A wise person once cautioned against failing to see the forest for the trees.
I am guessing that person did not live in Washington, D.C.
As we roll into the one-year countdown before "Obamacare" takes full effect, state governments, health care organizations, insurers, and a myriad of partners are drilling down into the details of how the landmark health legislation will work in practice. To guide these efforts, they are looking to much-anticipated regulations from federal agencies such as the Department of Health and Human Services and the Department of the Treasury (it's a tax, remember?). Regulations are what make most laws work, a process similar to taking a car from the drafting table to the road.
To be fair, drafting these rules can be tricky, and everyone has an opinion. But as proposed and final rules begin to circulate from Washington, I am beginning to wonder if we need to remind regulators that the actual name of the law in question is the Patient Protection and Affordable Care Act and that the purpose of the legislation is... well, patient protection and affordable care.
Some of the new rules seem to lose sight of that goal.
For example, under the new law, individuals will ideally be able to choose among reasonably-priced plans in state-based health insurance marketplaces, and individuals earning up to roughly $46,000 a year will be eligible for a subsidy [tax credit] to purchase one of these plans. They will not have this option, however, if their employer already offers "affordable" health care coverage.
So what is "affordable?" Under new rules announced by the administration, it is any plan where the price of individual coverage is 9.5 percent or less of an employee's salary... even if the employee actually needs family coverage, and even if the family coverage is more than 9.5 percent of the salary.
Let's talk numbers. According to the Kaiser Family Foundation, the average premiums for employer-sponsored plans were $5,615 for individual coverage and $15,745 for family coverage in 2012. On average, employees contributed $951 to their individual premium coverage and $4,316 to their family coverage.
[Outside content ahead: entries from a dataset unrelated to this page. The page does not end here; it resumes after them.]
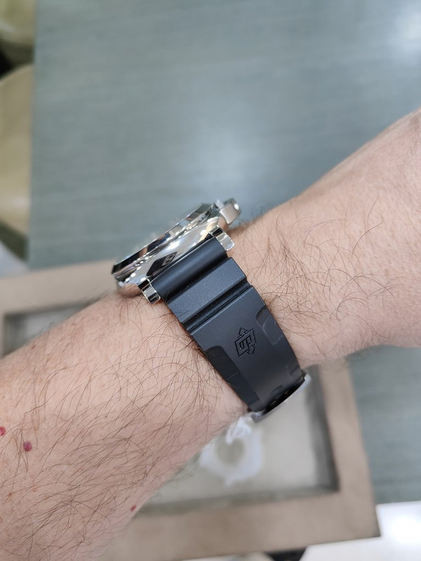 Το 45αρι Radiomir είναι πολύ οριακό για τα δικά μου γούστα. Ας μου φαίνεται ωραίο όταν το βλέπω σε καρπούς άλλων, ας μου λένε πως κάθεται ωραία στον καρπό μου … δυσκολεύομαι να το συνηθίσω πάνω μου. Στα δικά μου μάτια είναι μεγάλο και φοριέται σαν πολύ μεγαλύτερο από το 44αρι Luminor (Πανέρω). Μου φαίνεται απίθανη η περίπτωση να φορέσω ποτέ Radiomir στα 47mm χωρίς αυτό να σημαίνει κάτι για τους υπόλοιπους … στο χέρι του @gerogian είναι υπέροχο!
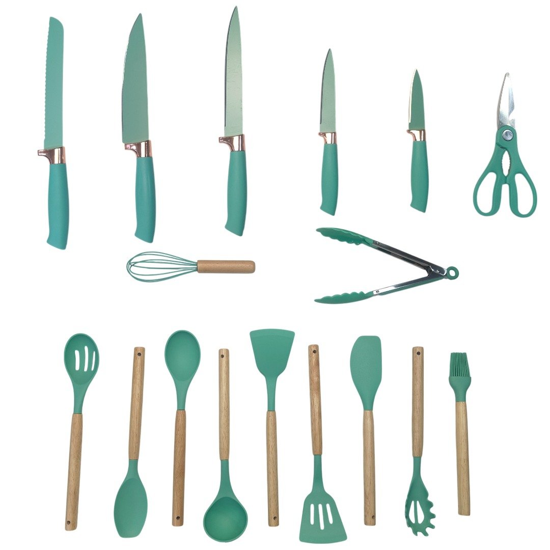 MM Silicone Kitchen Utensils Spatula Cooking And Knife Green 19PCS Set MM3161
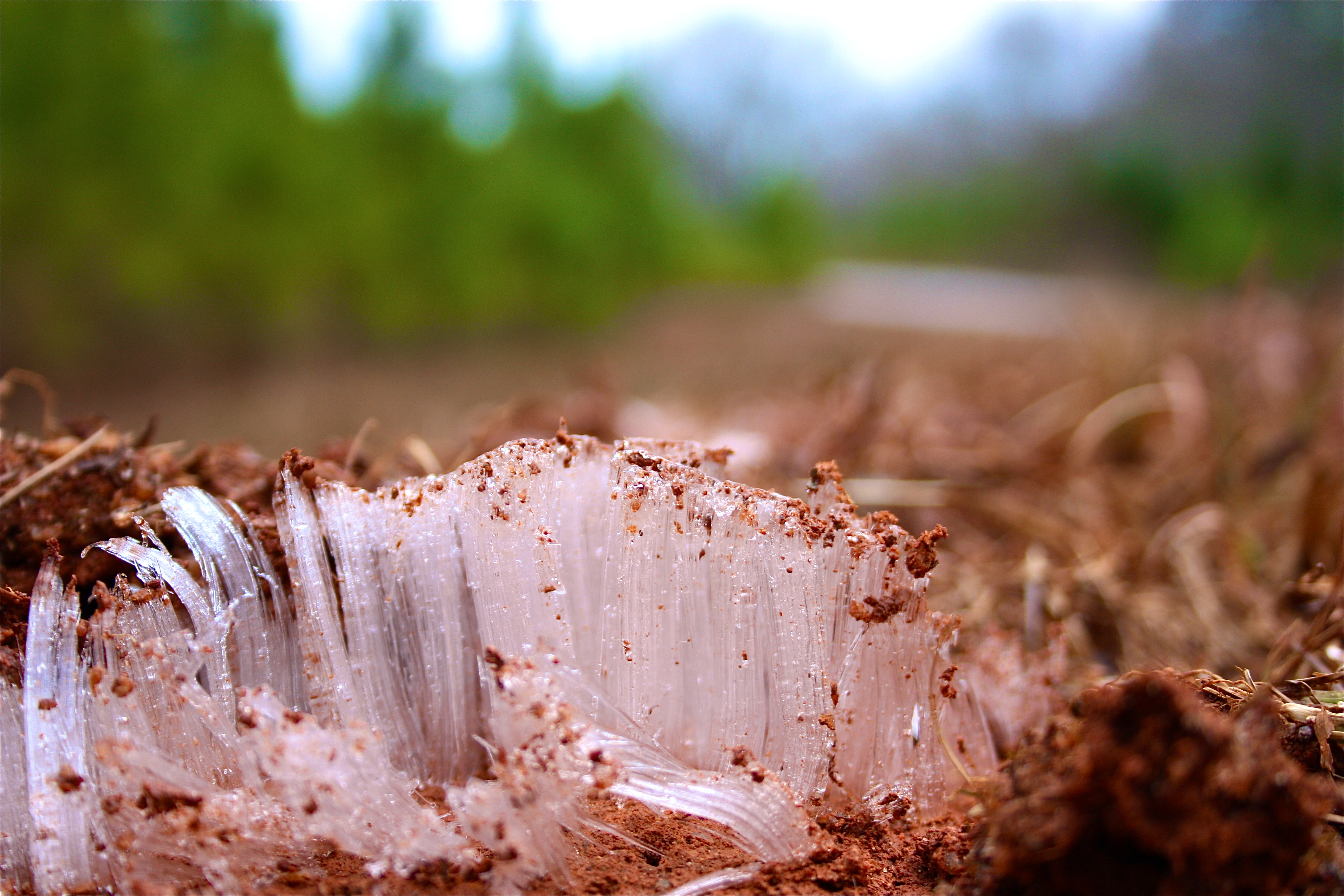 Needle ice occurs when the air temperature is below freezing, and the soil is above freezing. Water flows upward via capillary  motion as heat moves toward colder air above.
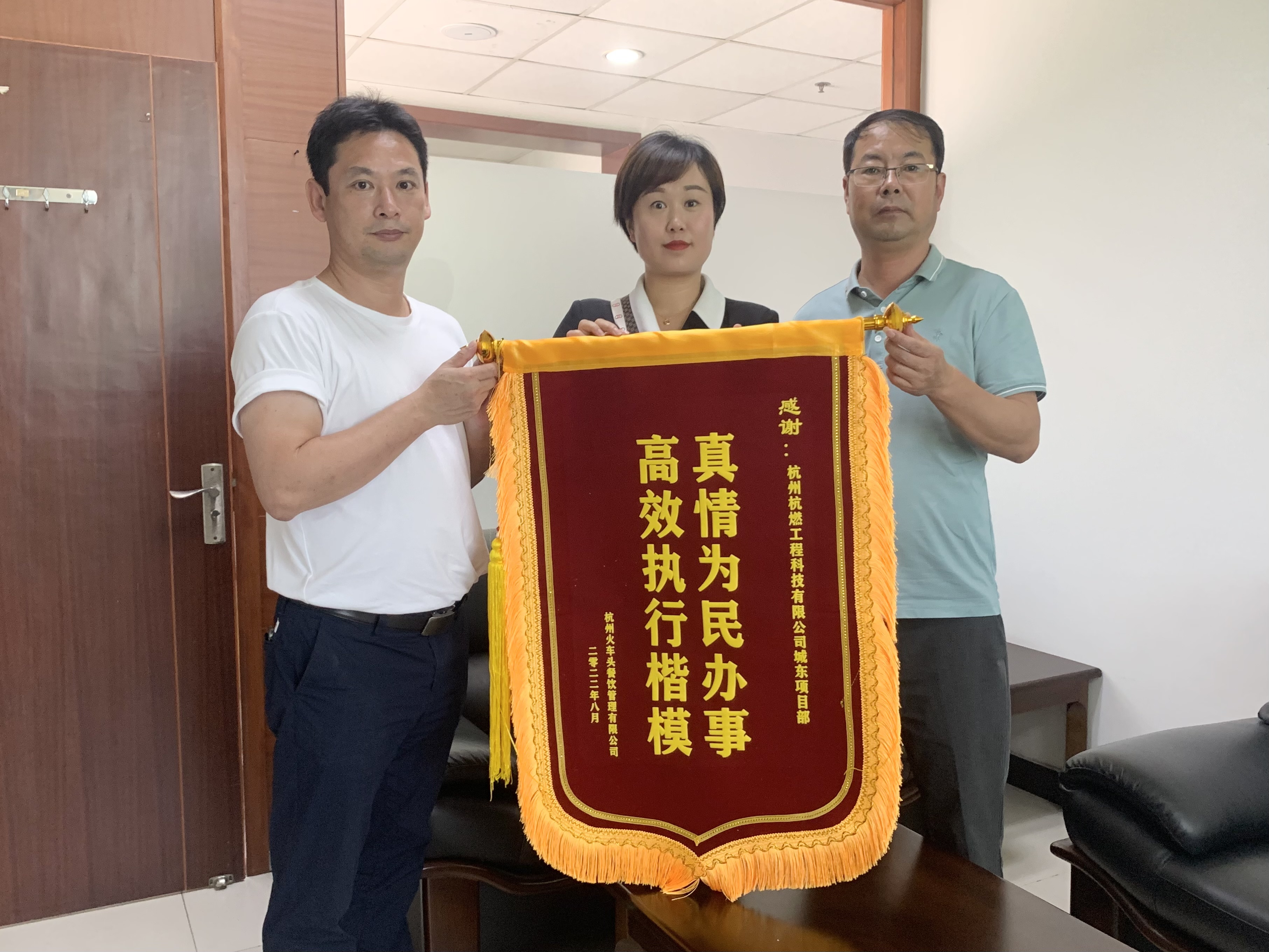 8月8日下午,杭州火车头餐饮管理有限公司副总经理吴延伟、杭州乾园高级餐厅白塔公园店店长张凤专程来到工程科技公司,送上锦旗“真情为民办事,高效执行楷模”,对公司城东项目部的施工服务表示感谢,副总经理竺恩惠代表公司感谢用户对我们工作的支持和肯定。
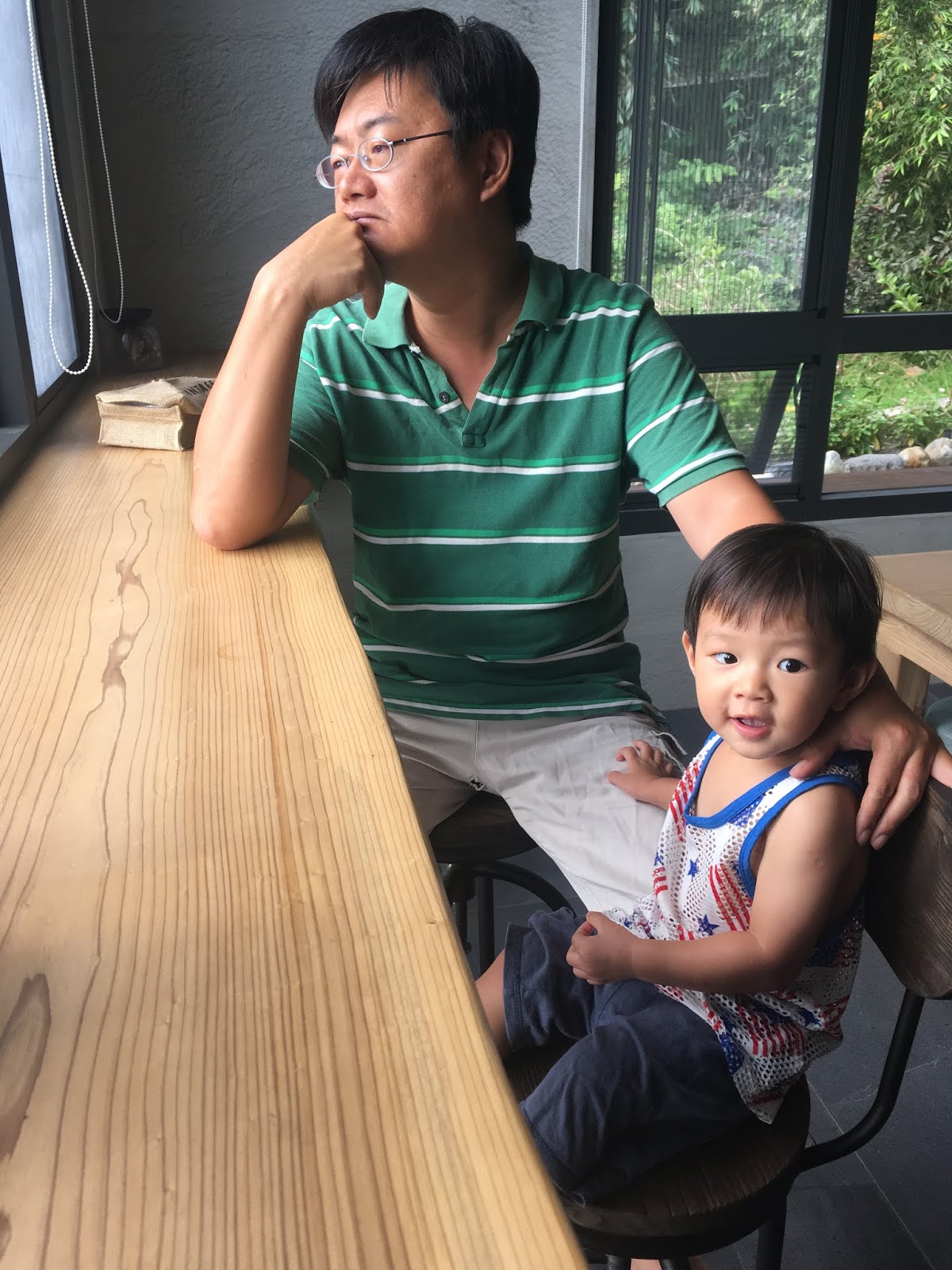 | 精神抖擻的小福寶和想睡覺的爸爸 |

To see how these wonky details play out in the real world, consider the case of an employee who, like half of all wage earners, earns $27,000 or less a year. Because her cost for self-coverage through her employer is only $951 -- less than 9.5 percent of her salary -- she is not eligible for a tax credit to purchase a different plan in the marketplace a credit needed to afford to pay for a plan in the marketplace. She is not eligible even if she actually needs to spend $4,316 -- well over 9.5 percent of her salary -- on an employer-backed family plan because she has children at home.
In fact, the Government Accountability Office has estimated that under this rule almost half a million children would remain uninsured because their parents would be caught between a rock and a hard place: unable to afford family insurance through their employer and unable to shop for an affordable family plan in the marketplace because they could, in theory, afford an individual plan that leaves their children uninsured.
That rule is, unfortunately, now final. The administration has proposed other rules that are not yet final that also have me worried. We may still be able to impact some of these. For example:
- A proposed rule would allow states to charge some Medicaid enrollees higher co-payments and premiums for basic services such as health care visits and prescription drugs, and for "non-emergency" hospital visits.
The administration still has time to fix some of these issues before the rubber hits the road in October 2013 with the launch of the first open enrollment period.
Obamacare has the potential to give millions access to quality affordable health care. I just hope the regulators remember this goal.